Шрифт:
Интервал:
Закладка:
Лев Леонидович Шварцман окончил семь классов средней школы, а Борис Вениаминович Родос и того меньше — четыре класса (в своем ходатайстве о помиловании он не постеснялся признаться: «Я — неуч»). Тем не менее уже после войны Родос читал лекции в Высшей школе МВД и был автором учебных пособий «по внутрикамерной разработке арестованных». Когда его судили в 1956 году, то спросили, чем занимался некий Бабель, дело которого он вел.

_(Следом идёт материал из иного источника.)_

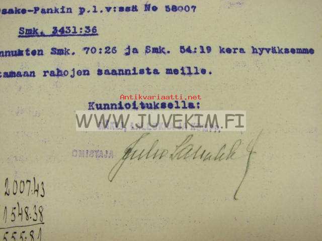 Häkli, Lallukka ja Kumpp Oy, Viipuri 12.10.1908 -asiakirja, omakätinen allekirjoitus Juho Lallukka
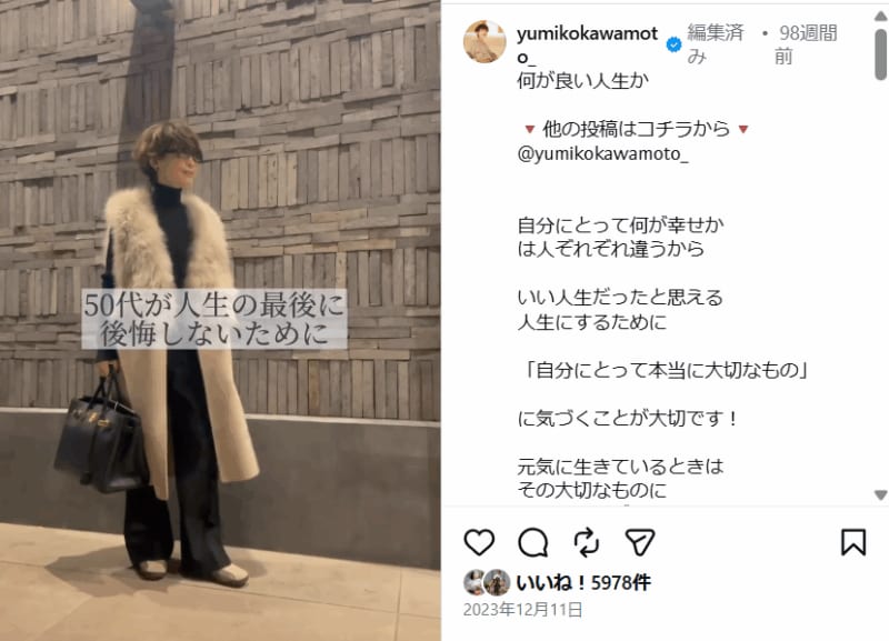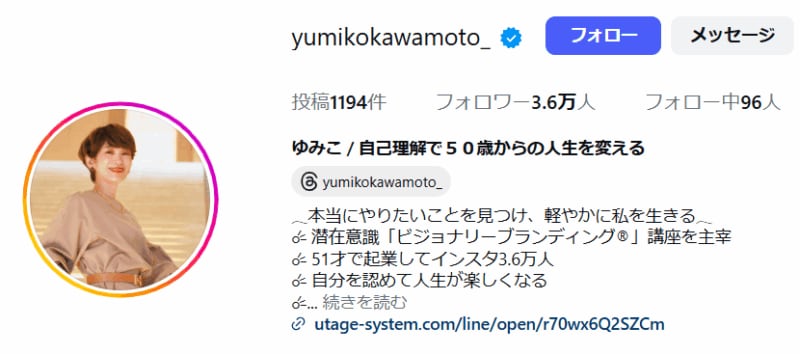 23年間の主婦業から一転、51歳で起業。後悔しない生き方を発信。講座を開いたり、SNSで情報を公開したり、大人世代から厚い支持を受けています。フォロワーは3.6万人(2026年1月時点)。
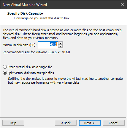 Next select your disk size and whether you want to use a single file or multiple files. In my lab I'm keeping the default to divide up the disks. Click next when you're done. Note: you'll need to add an additional 300GB disk to your ESXi servers. If you don't have the actual space for it, no problem, we'll be thin provisioning it so we'll only take up what's actually being used. Why 300GBs? Well vCenter requires at least a 300GB disk and it will not deploy successfully if you don't have it.
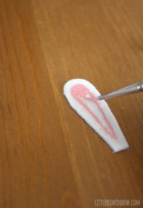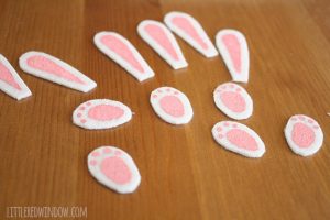Ako prvé si z bielej plsti, prípadne z kartónu, vystrihneme tvar zajačích ušiek, približne 3 a pol cm dlhých.
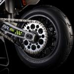 Wir könnten das Promoto-SM nicht als Supermoto bezeichnen, wenn es keinen Kettenantrieb gäbe. Stahlglieder und 70 Rollenbolzen umschließen ein 10-Zahn-Stahl-Ritzel und ein 36-Zahn-Aluminium-Kettenrad. Unabhängig von den Bedingungen treibt der Kettenantrieb den Hinterreifen effizient und zuverlässig an.
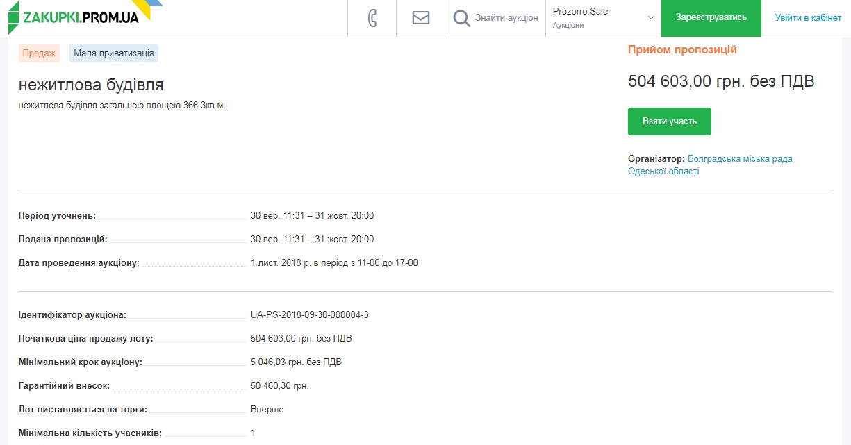Соответствующую информацию муниципалитет разместил в системе электронных аукционов «Рrozorro.sale».
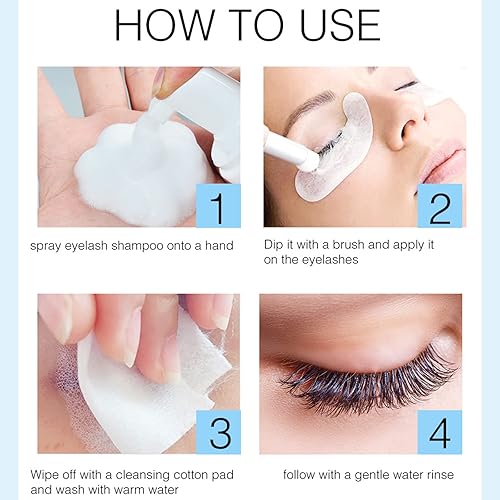 Easy to Use: Our kit includes a 50ml foaming lash shampoo, a cleansing brush and a eyelash brush. Simply apply the foam to your lashes, massage gently, and rinse off with water.
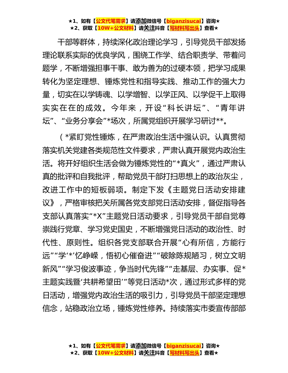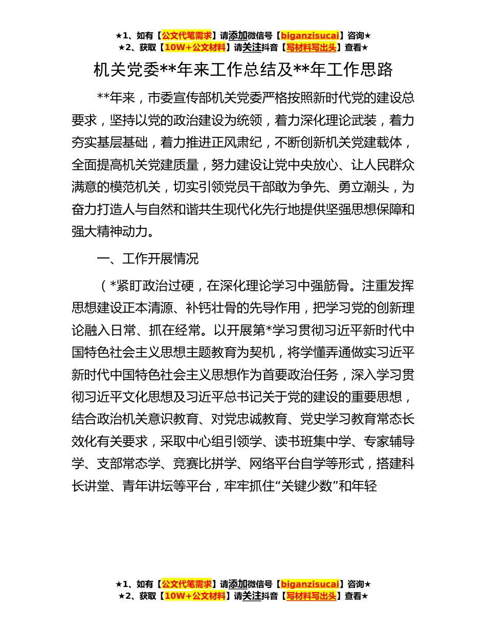★1、如有【公文代笔需求】请添加微信号【biganzisucai】咨询★★2、获取【10W+公文材料】请关注抖音【写材料写出头】查看★机关党委**年来工作总结及**年工作思路**年来,市委宣传部机关党委严格按照新时代党的建设总要求,坚持以党的政治建设为统领,着力深化理论武装,着力夯实基层基础,着力推进正风肃纪,不断创新机关党建载体,全面提高机关党建质量,努力建设让党中央放心、让人民群众满意的模范机关,切实引领党员干部敢为争先、勇立潮头,为奋力打造人与自然和谐共生现代化先行地提供坚强思想保障和强大精神动力。一、工作开展情况(*紧盯政治过硬,在深化理论学习中强筋骨。注重发挥思想建设正本清源、补钙壮骨的先导作用,把学习党的创新理论融入日常、抓在经常。以开展第*学习贯彻习近平新时代中国特...
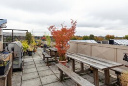 Welcome to L'Atelier! Originally "Forsts", a 1930's department store, this one-of-a-kind, Georgie Award winning Heritage Conversion located in the heart of Hastings Sunrise was completed by Paul Merrick Architects in 1995. This beautiful, bright, open concept unit is 872 square feet with ceilings reaching past 9 feet, and features original hardwood maple floors. A complete custom kitchen renovation provides expansive space for entertaining flowing seamlessly into the living area. This unit has been freshly painted, meticulously cared for and is awaiting its new owner! This unique live/work building is full of character and endless potential, with pets and rentals allowed. Enjoy the rooftop terrace featuring views of the mountains, ocean and city. Open House Sun. Apr. 6 2-4pm
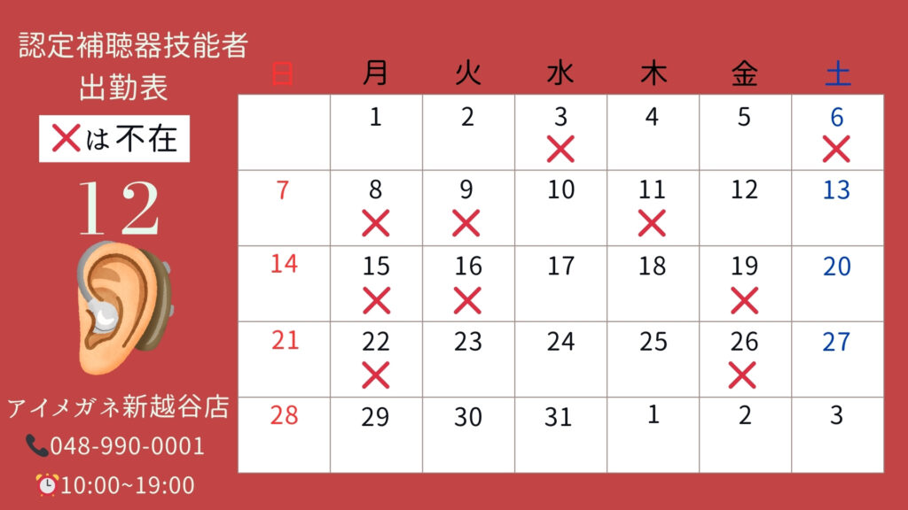 12月の認定補聴器技能者の出勤カレンダーのお知らせです🗓
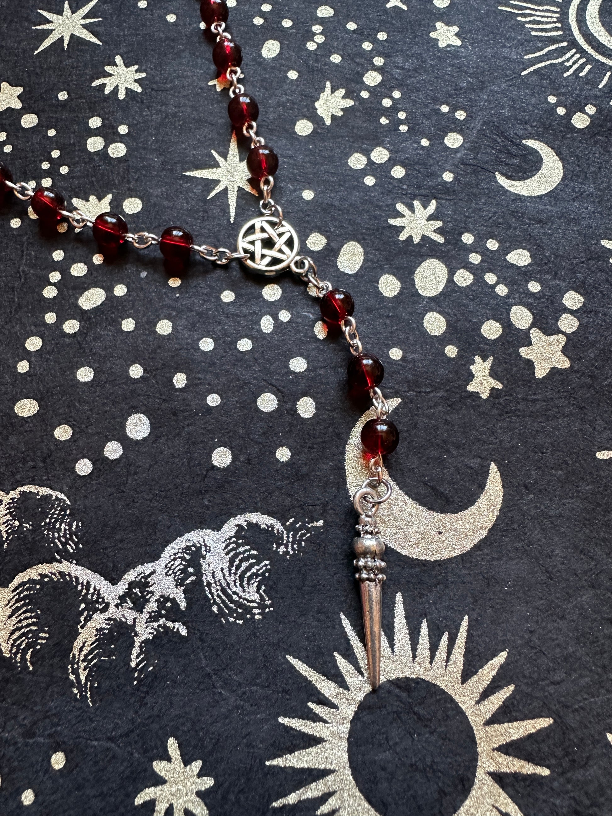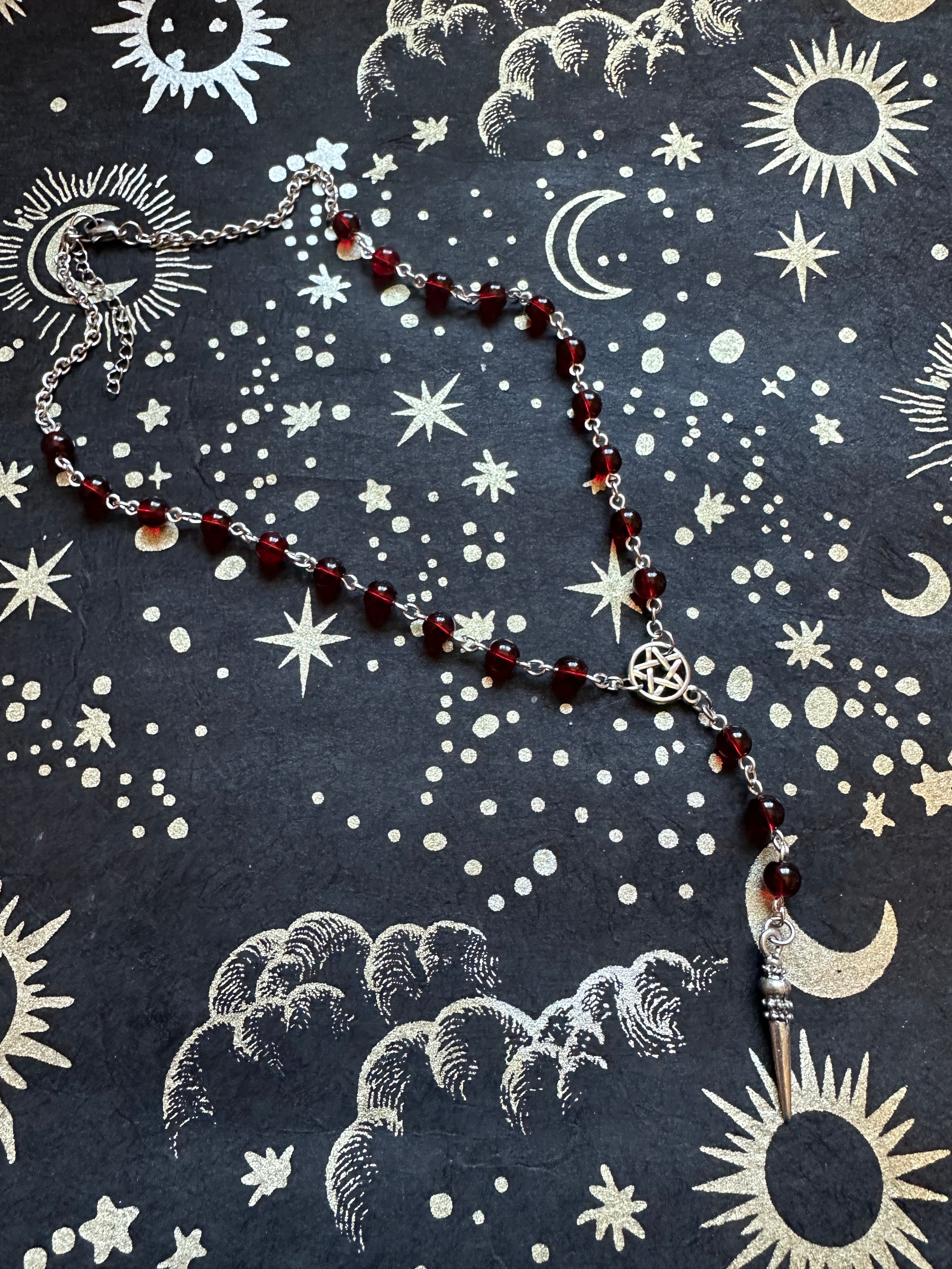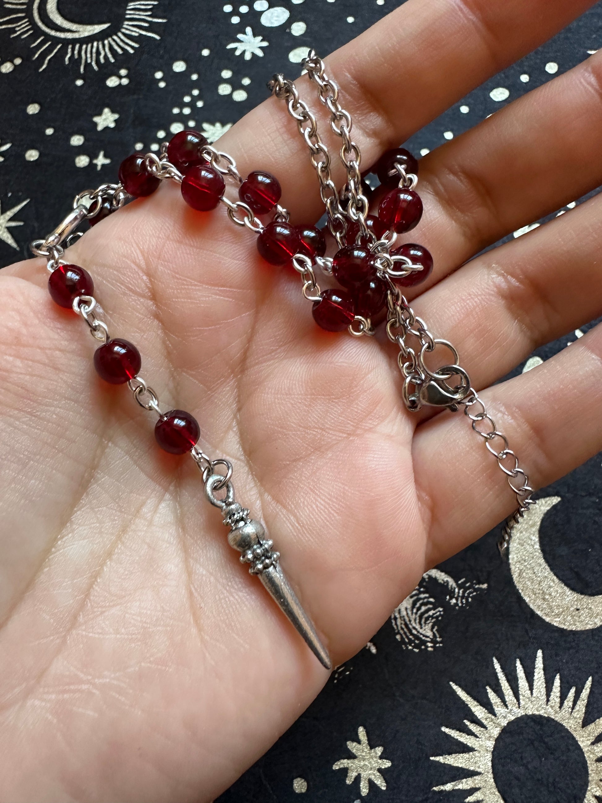 A choker design with gorgeous red glass beads and a pewter spike pendant. If you're looking for something that layers well with other, longer necklaces, this is it! Chain links and clasp are stainless steel.
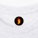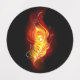 Pena de pavão brilhante feita de fogo e chamas sobre fundo negro.
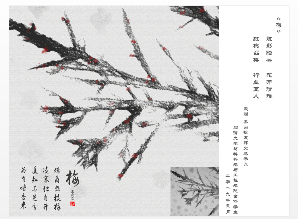 微结构大赛特等奖作品:《梅》,并赋诗一首:“疏影暗香,花开清雅,红梅品格,行业匠人”,以表达对学长的敬仰之情。学院党委书记王中平和学科委员会主任黄云辉向郭文叁校友和胡金华校友赠送纪念证书,感谢两位校友对歪歪漫画
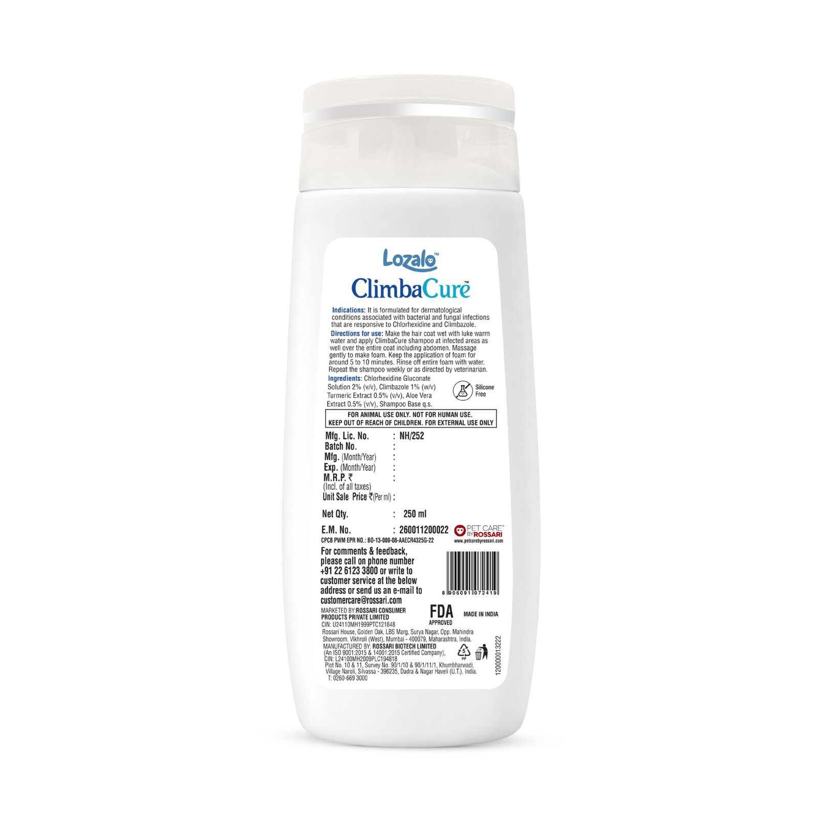 Does your dog itch and scratch so much, they cause uncomfortable skin irritation or even infection? They may be able to benefit from ClimbaCure Medicated Antibacterial & Anti-Fungal Dog Shampoo. This shampoo is specially formulated to fight both bacterial skin infection and fungal infections, getting your dog’s skin back to normal and helping to stop all that scratching. ClimbaCure medicated shampoo uses Climbazole as Its main Ingredient a medication used to help reduce itching by acting on fungal infection. At the same time, Chlorhexidine Gluconate, a dog antiseptic skin cleanser, combats bad bacteria. It is also enriched with mild naturally derived sulphate free ingredients to help your dog’s coat get back its optimal, lustrous shine and shape. The formulation is enriched with a light refreshing fragrance and the ideal pH balance.
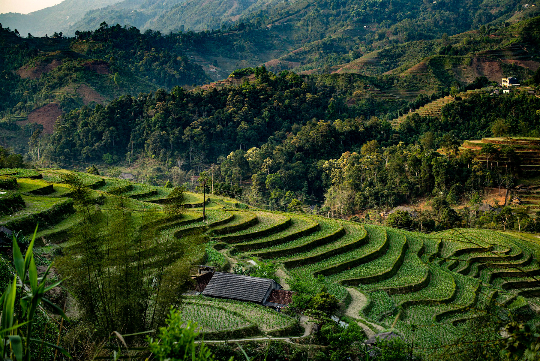 The image presents a breathtaking panorama of terraced fields meticulously carved into verdant mountain slopes. Layers of vibrant green cultivation ascend the hillsides, creating an intricate, wave-like pattern that speaks to both natural beauty and profound human endeavor. Lush forests dominate the higher elevations, providing a dramatic backdrop to the agricultural tapestry below. A few traditional homes, characterized by their dark roofs, are nestled discreetly within the landscape, signifying a harmonious coexistence between inhabitants and their environment. The soft, natural light illuminates the contours, emphasizing the depth and scale of this remarkable scene.
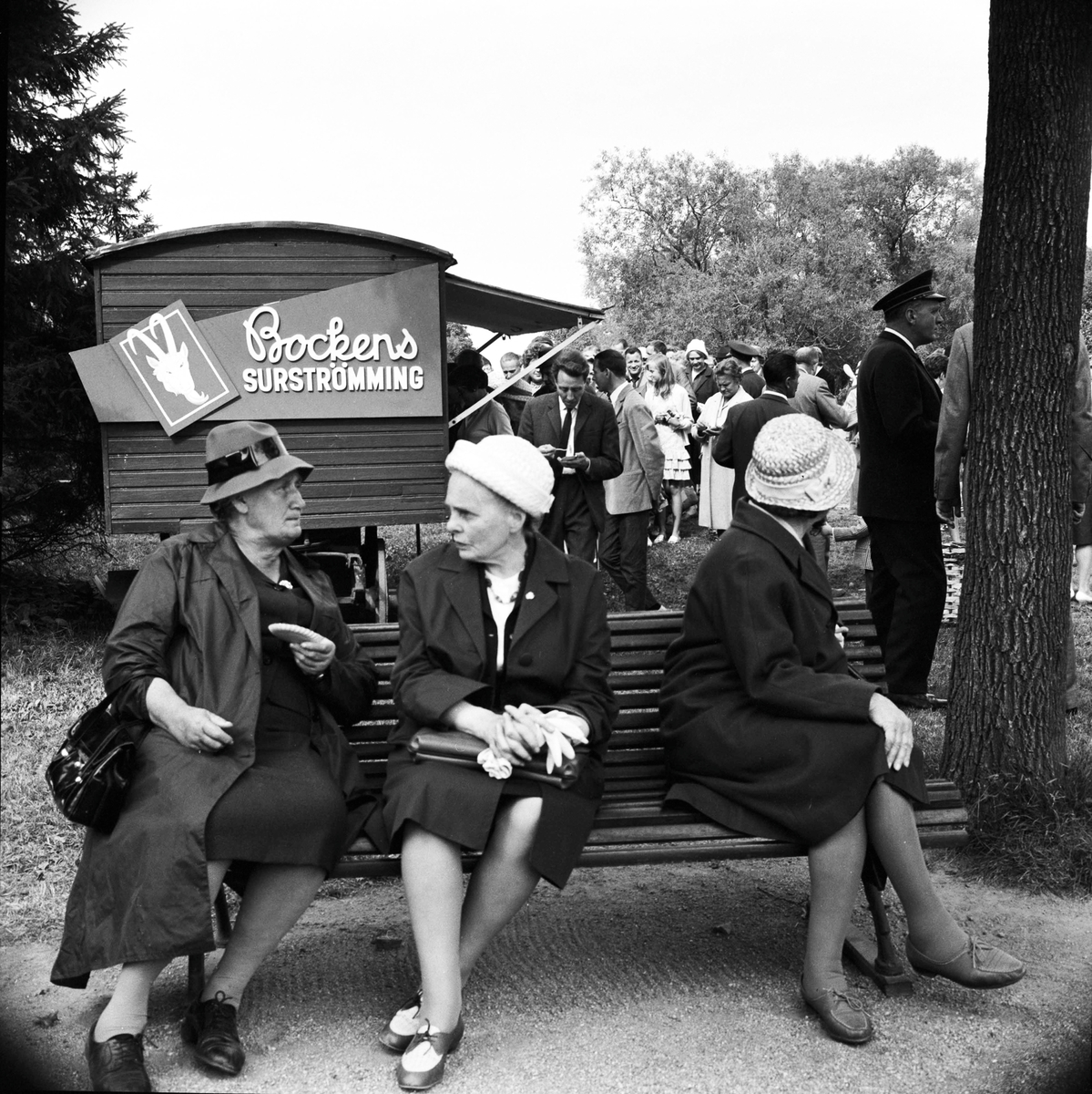 Tre kvinnor på en bänk på Skansen. I bakgrunden marknadsvagn "Bockens surströmming".

— Мне сказали, что это писатель.
— Вы прочитали хоть одну его строчку?
— Зачем?
Собственноручное показание
Надо представить себе и особые «муки творчества», которые Бабель испытал на Лубянке — в камере и в кабинете следователя. Такого произведения он еще не писал: нужно было ни больше ни меньше как сочинить себя — несуществующего, фантастический образ — ради обещанного, вероятно, спасения, придумать вредоносное влияние троцкистов и свое пагубное воздействие на других, вывернуться наизнанку, вплоть до подробностей личной жизни. Нелегко это дается: сначала он намечает план, меняет его, делает многочисленные наброски, вычеркивает, восстанавливает, по несколько раз возвращается к одному и тому же в разных выражениях…
Сквозь вынужденную ложь прорываются ноты исповеди, искорки внутренней глубокой мысли — попытка выйти из заданной схемы. Мелькают обрывочные, загадочные фразы: «Проталкивать свои мысли… Против жестокости — добрый и веселый человек… Я понял, что моя тема… это рассказ о жизни в революции одного „хорошего“ человека…»
Историк Борис Суварин, вспоминая о своих встречах с Бабелем в Париже, передает такой разговор. Он спросил Бабеля:
— Вы думаете, что у вас в стране существуют ценные литературные произведения, которые не могут появиться из-за политических условий?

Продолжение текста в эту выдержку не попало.